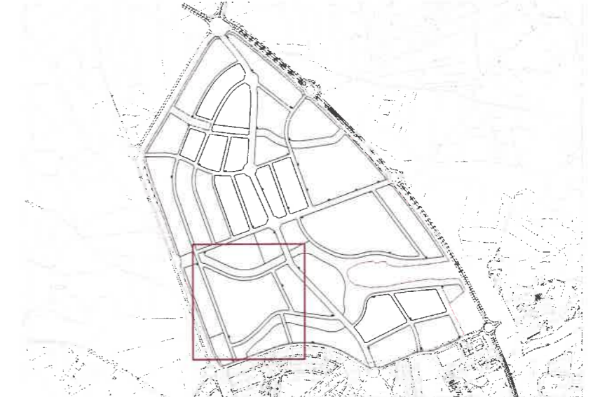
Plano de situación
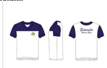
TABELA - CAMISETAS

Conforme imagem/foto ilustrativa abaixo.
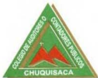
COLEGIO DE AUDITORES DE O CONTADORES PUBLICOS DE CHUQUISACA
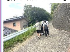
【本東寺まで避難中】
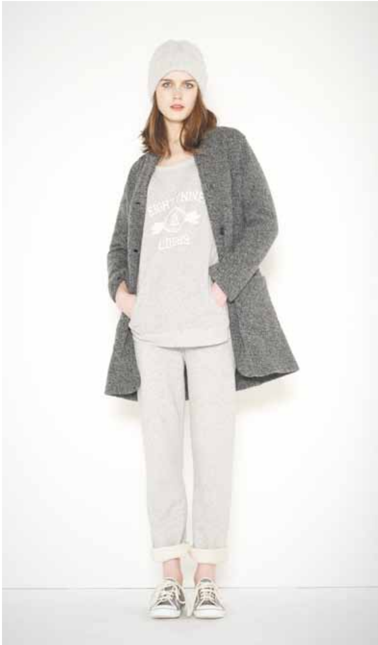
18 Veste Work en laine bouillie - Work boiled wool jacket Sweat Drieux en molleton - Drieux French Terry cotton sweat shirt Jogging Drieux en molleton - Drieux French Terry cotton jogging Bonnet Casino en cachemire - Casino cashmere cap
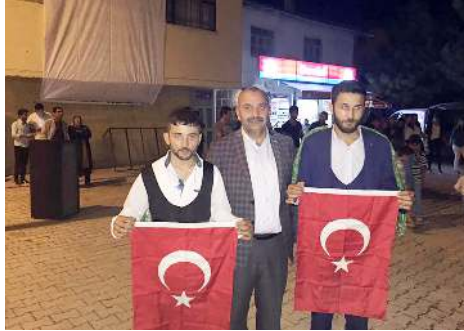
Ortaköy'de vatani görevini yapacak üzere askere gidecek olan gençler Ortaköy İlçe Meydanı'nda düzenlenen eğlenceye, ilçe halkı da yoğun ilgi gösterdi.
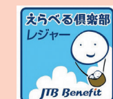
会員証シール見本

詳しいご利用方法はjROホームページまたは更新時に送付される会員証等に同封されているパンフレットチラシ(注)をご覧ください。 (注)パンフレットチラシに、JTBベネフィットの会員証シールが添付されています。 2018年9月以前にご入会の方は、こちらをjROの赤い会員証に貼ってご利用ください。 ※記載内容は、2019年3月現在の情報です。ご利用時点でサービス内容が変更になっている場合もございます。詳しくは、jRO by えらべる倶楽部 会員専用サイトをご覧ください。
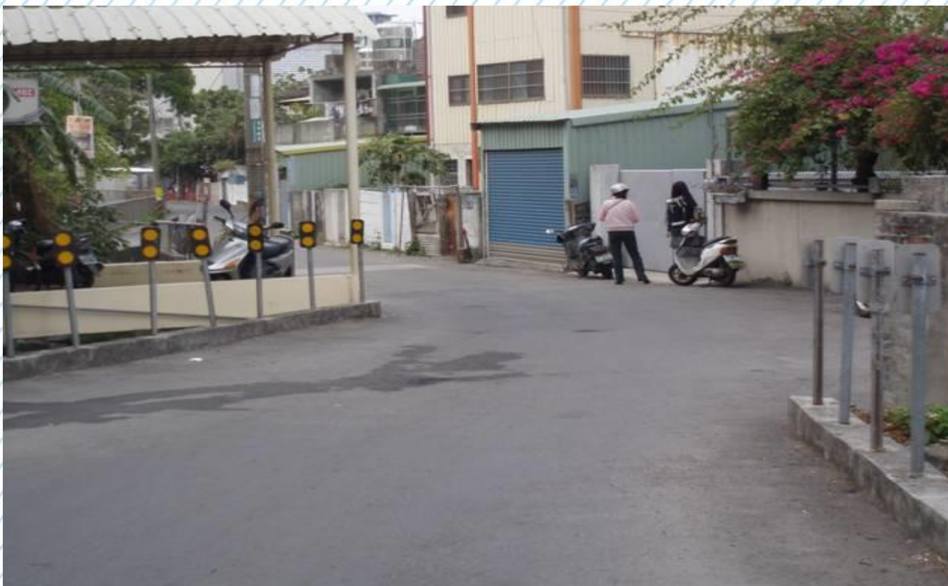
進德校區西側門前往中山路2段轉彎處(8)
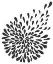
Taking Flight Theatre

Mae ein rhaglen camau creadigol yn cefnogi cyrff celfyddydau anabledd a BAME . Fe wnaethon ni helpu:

-----

● GOAL OF THE EXERCISE
No pictures belong in the answer; copy all other parts of the listing exactly.

● RESPONSE TO THIS EXERCISE
Plano de situación
TABELA - CAMISETAS

Conforme imagem/foto ilustrativa abaixo.
COLEGIO DE AUDITORES DE O CONTADORES PUBLICOS DE CHUQUISACA
【本東寺まで避難中】
18 Veste Work en laine bouillie - Work boiled wool jacket Sweat Drieux en molleton - Drieux French Terry cotton sweat shirt Jogging Drieux en molleton - Drieux French Terry cotton jogging Bonnet Casino en cachemire - Casino cashmere cap
Ortaköy'de vatani görevini yapacak üzere askere gidecek olan gençler Ortaköy İlçe Meydanı'nda düzenlenen eğlenceye, ilçe halkı da yoğun ilgi gösterdi.
会員証シール見本

詳しいご利用方法はjROホームページまたは更新時に送付される会員証等に同封されているパンフレットチラシ(注)をご覧ください。 (注)パンフレットチラシに、JTBベネフィットの会員証シールが添付されています。 2018年9月以前にご入会の方は、こちらをjROの赤い会員証に貼ってご利用ください。 ※記載内容は、2019年3月現在の情報です。ご利用時点でサービス内容が変更になっている場合もございます。詳しくは、jRO by えらべる倶楽部 会員専用サイトをご覧ください。
進德校區西側門前往中山路2段轉彎處(8)
Taking Flight Theatre

Mae ein rhaglen camau creadigol yn cefnogi cyrff celfyddydau anabledd a BAME . Fe wnaethon ni helpu:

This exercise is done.